In aviation, the Cook–Craigie plan is an approach to the development process of civil and military aircraft, designed to reduce the time needed to bring a new design into service. In the late 1940s, US Air Force Major Generals Laurence C. Craigie, deputy chief of staff for development, and Orval R. Cook, deputy chief of staff for materiel, proposed that new designs should move directly into the production phase without the construction of prototypes. Since then, this approach has been used in an increasing number of aviation projects.

==Method==
In traditional aircraft design, after the design drawings (or "blueprints") are prepared, a small series of prototype aircraft are constructed in order to test the concept. Data from the flight tests influences the revisions that are made to the design. If these changes are wide-ranging and/or significant, more prototypes have to be built. Once the prototype cycle is complete, the development can enter the "pre-production" stage and further evaluation. Once this stage is completed satisfactorily, series production can begin.

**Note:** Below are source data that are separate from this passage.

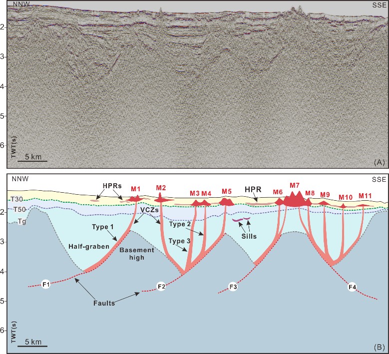 本研究揭示了西沙隆起裂后岩浆活动的运移机制。延伸至中地壳的拆离断层捕获了部分熔融产生的岩浆,并为其在地壳内的垂向运移提供了通道。进入沉积层后,拆离断层仍然是岩浆的主要运移通道;在沉积层间的刚性差异和区域应力场的影响下,岩浆在半地堑的侧翼和沉积中心开辟了次级运移通道。因此,较大规模的火山出现在基底高地上方,而小规模火山位于半地堑内部。这项研究强调了拆离断层对火山系统的关键作用,即在非均质地壳的背景下,拆离断层为相对刚性的微板块提供了岩浆运移通道,并影响了火山的分布。同时,该研究促进了对裂后岩浆活动和大陆边缘动力学演化的认识,并可应用于其他地质背景相似的区域。此外,本研究为不同成因的海底丘状体(Mound structure)提供了识别标准,适用于研究区以外的地区。
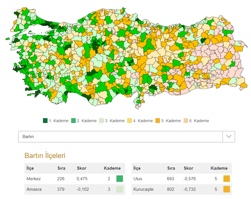 Sanayi ve Teknoloji Bakanlığı tarafından yayımlanan İllerin ve Bölgelerin Sosyo-Ekonomik Gelişmişlik Sıralaması Araştırması Bartın 5.kademeye düştü.
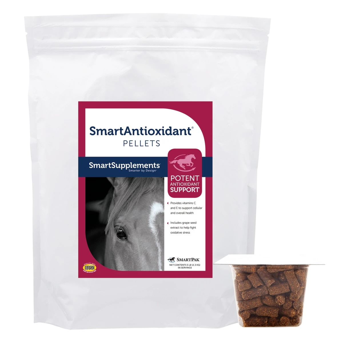 Antioxidants may help your horse’s body fight the damaging effects of free radicals and oxidative stress. SmartAntioxidant Pellets are a potent, cost-effective antioxidant formula containing vitamin C, vitamin E, grape seed extract, super oxide dismutase and citrus bioflavonoids. SmartAntioxidant Pellets provide excellent support for both senior and performance horses.
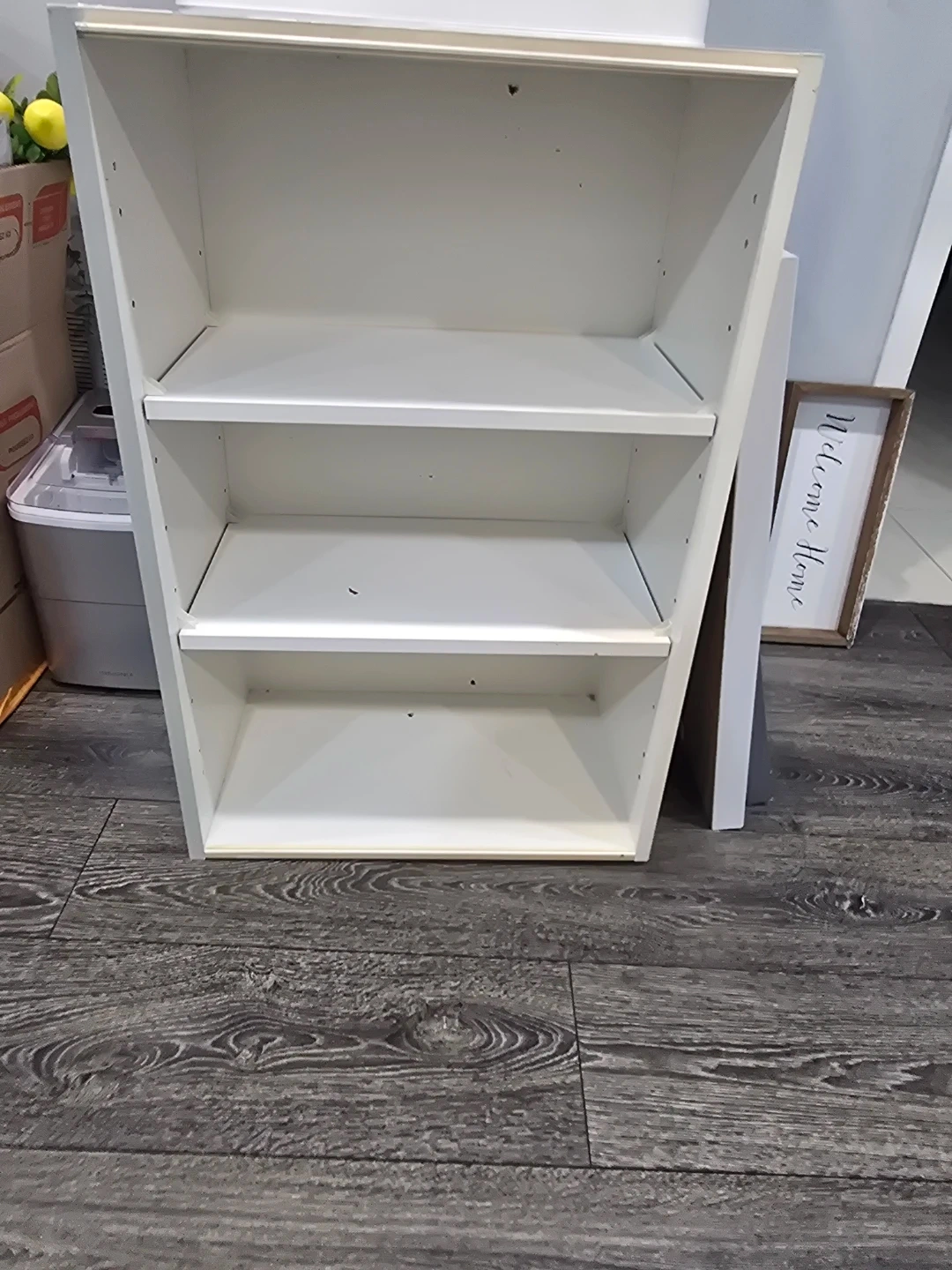 Selling a simple white bookshelf. It has three shelves and is in good condition. Perfect for storing books or displaying items!
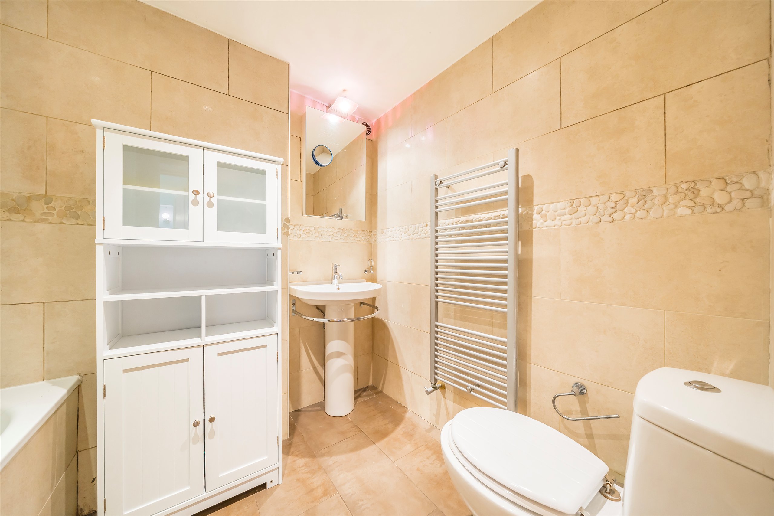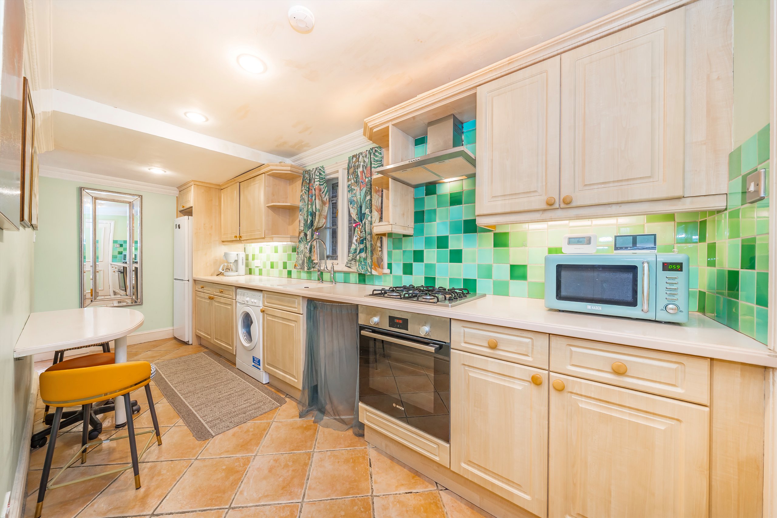 The property comprises three generous double bedrooms, all offering excellent storage space, making it ideal for professional sharers or a family. There is a separate reception room, providing a comfortable living and entertaining space, and a full-sized fitted kitchen complete with white goods and ample cupboard and worktop space.
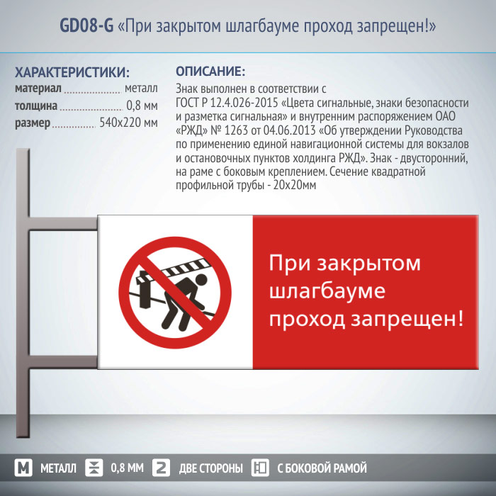 Знак «При закрытом шлагбауме проход запрещен!», GD08-G (двусторонний горизонтальный, 540х220 мм, металл, на раме с боковым креплением) в Черкесске купить
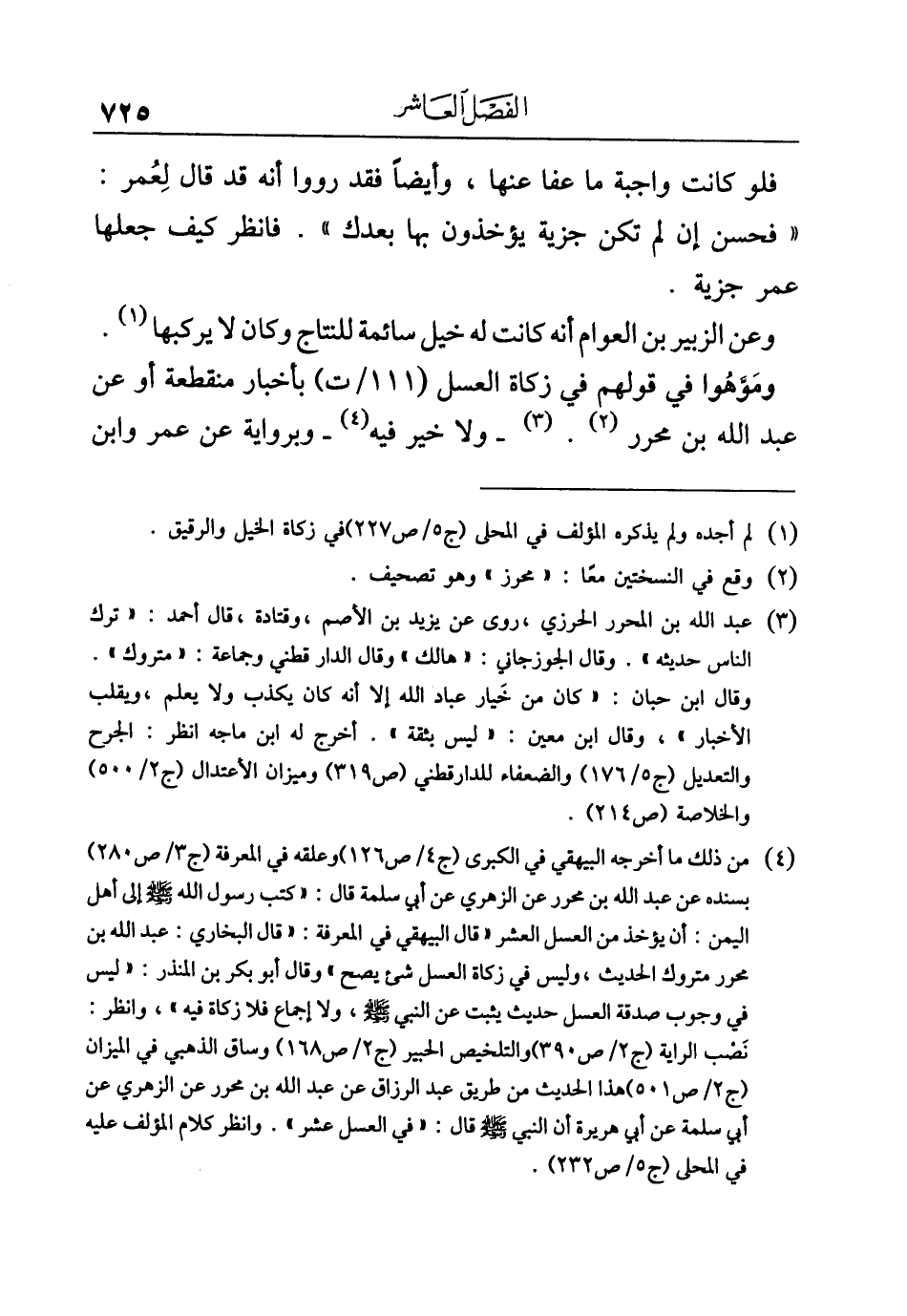 (¬٤) من ذلك ما أخرجه البيهقي في الكبرى (ج ٤/ ص ١٢٦) وعلقه في المعرفة (ج ٣/ ص ٢٨٠) بسنده عن عبد الله بن محرر عن الزهري عن أبي سلمة قال: "كتب رسول الله - صلى الله عليه وسلم - إلى أهل اليمن: أن يؤخذ من العسل العشر "قال البيهقي في المعرفة: "قال البخاري: عبد الله بن محرر متروك الحديث، وليس في زكاة العسل شيء يصح" وقال أبو بكر بن المنذر: "ليس في وجوب صدقة العسل حديث يثبت عن النبي - صلى الله عليه وسلم -، ولا إجماع فلا زكاة فيه"، وانظر: نَصْب الراية (ج ٢/ ص ٣٩٠) والتلخيص الحبير (ج ٢/ ص ١٦٨) وساق الذهبي في الميزان (ج ٢/ ص ٥٠١) هذا الحديث من طريق عبد الرزاق عن عبد الله بن محرر عن الزهري عن أبي سلمة عن أبي هريرة أن النبي - صلى الله عليه وسلم - قال: "في العسل عشر". وانظر كلام المؤلف عليه في المحلى (ج ٥/ ص ٢٣٢).

The Cook–Craigie plan promoted the elimination of the entire prototype cycle and entering straight into the pre-production stage. If these examples flew as expected, production could start immediately. The plan required considerable confidence in the design from the outset; if the design had an inherent flaw, the jigs used during pre-production would have to be replaced. The plan seems inherently more dangerous than the traditional prototype cycle, but Cook and Craigie argued that for the advanced designs that were entering service in the late 1940s, any prototype was likely to be so different from the production variant that any data collected could be entirely misleading. Moreover, since several aircraft designs are typically ordered for competitive testing, the chance that all of the designs would fail is extremely low, and if even one design passes testing, it can immediately enter production.

One of the first designs to use the plan was the F-102 Delta Dagger. Although this design had a number of new features, it was based to a large degree on the earlier XF-92 prototype, and thus considered to be a fairly well understood design. This confidence proved to be misplaced, as the F-102 underwent a lengthy series of upgrades, and was eventually replaced in service by a redesigned version, the F-106 Delta Dart. Another example of the Cook–Craigie method is the development of the Avro CF-105 Arrow, which passed through the testing phase with few required changes.

As the potential of computer-aided design has increased since the 1950s, aircraft designs have generally performed much closer to their original goals. For example, the production specification of the Boeing 777 was within 20 lb of its predicted weight. Today the Cook–Craigie approach is used as standard, and no longer known as such.